Finalmente los ritos penetraron el ruido ensordecedor y Tyrone hizo girar a su caballo para ver quién se le acercaba. Al reconocer al comandante, hizo un gesto con la cabeza al capitán Tverskoi, dejándolo por un momento al mando de los ejercicios de la unidad de caballería. Se quitó el casco de cuero y se secó el sudor de la frente con la mano mientras esperaba al oficial que avanzaba con paso rápido.
—¡Coronel Rycroft! —gritó de nuevo Nikolái, excitado, mientras se detenía al lado del inglés—. ¡Su Majestad el zar quiere verlo! —Levantó su brazo y girándolo un poco, señaló la alta pared del Kremlin para que el coronel dirigiera la vista hacia los hombres que estaban allí observando.— ¡Lo ha estado mirando un buen rato!
Tyrone levantó una mano para que le sirviera de pantalla contra el sol y entrecerró los ojos para ver el pequeño grupo de oficiales de alto rango que se reunía allí.
—¿Qué se supone que quiere de mi?
—¡Usted lo ha impresionado! —respondió Nikolái asombrado, casi incrédulo de que alguien pudiera alcanzar semejante hazaña—. Tiene que arreglar una audiencia con él en los próximos días.
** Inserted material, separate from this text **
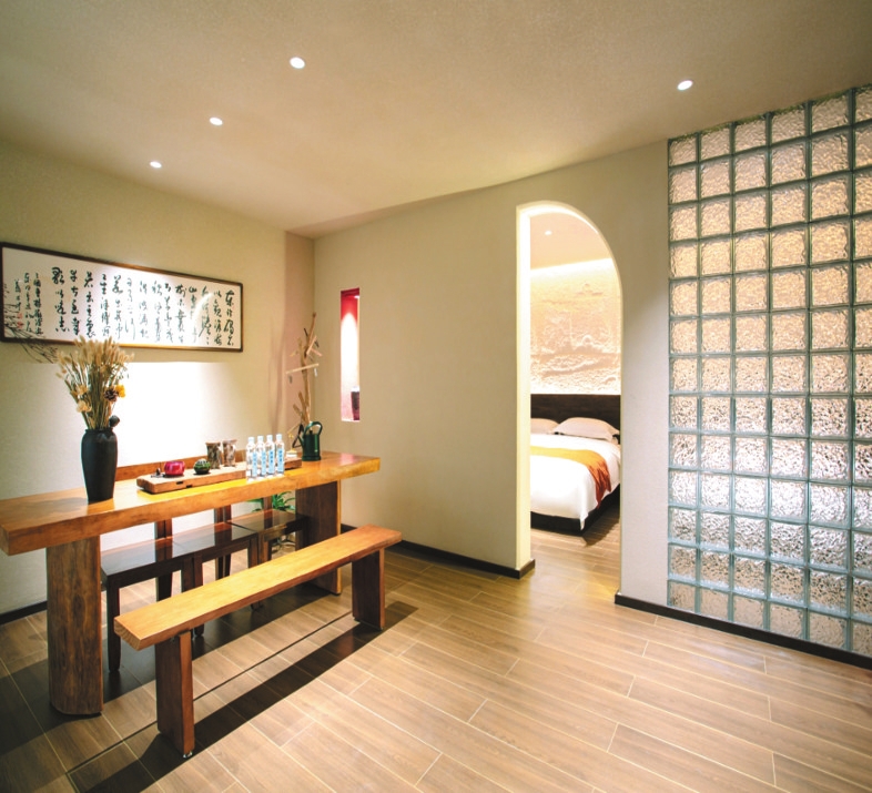 牧瑤溫泉民宿位于忻府區(qū)南關(guān)村。走進(jìn)院內(nèi),大片玻璃窗通透明亮,門前蒼松與其他綠植讓人心曠神怡,潺潺流水和中式亭子的造景,增添了許多的靈動韻味。

Tyrone aflojó las riendas en sus dedos y, juntándolas, colocó su mano sobre la silla mientras levantaba una ceja al comandante. El reconocimiento del zar era lo que había estado tratando de lograr, pero estaba sorprendido al haberlo conseguido tan rápido.
—¿Y qué tengo que hacer para llegar a eso?
—Yo personalmente voy a darle las instrucciones de qué es lo que se espera de usted, coronel. Si está libre esta noche podemos encontrarnos en mi casa. Cuanto antes responda, mejor demostrará el respeto que siente por Su Majestad.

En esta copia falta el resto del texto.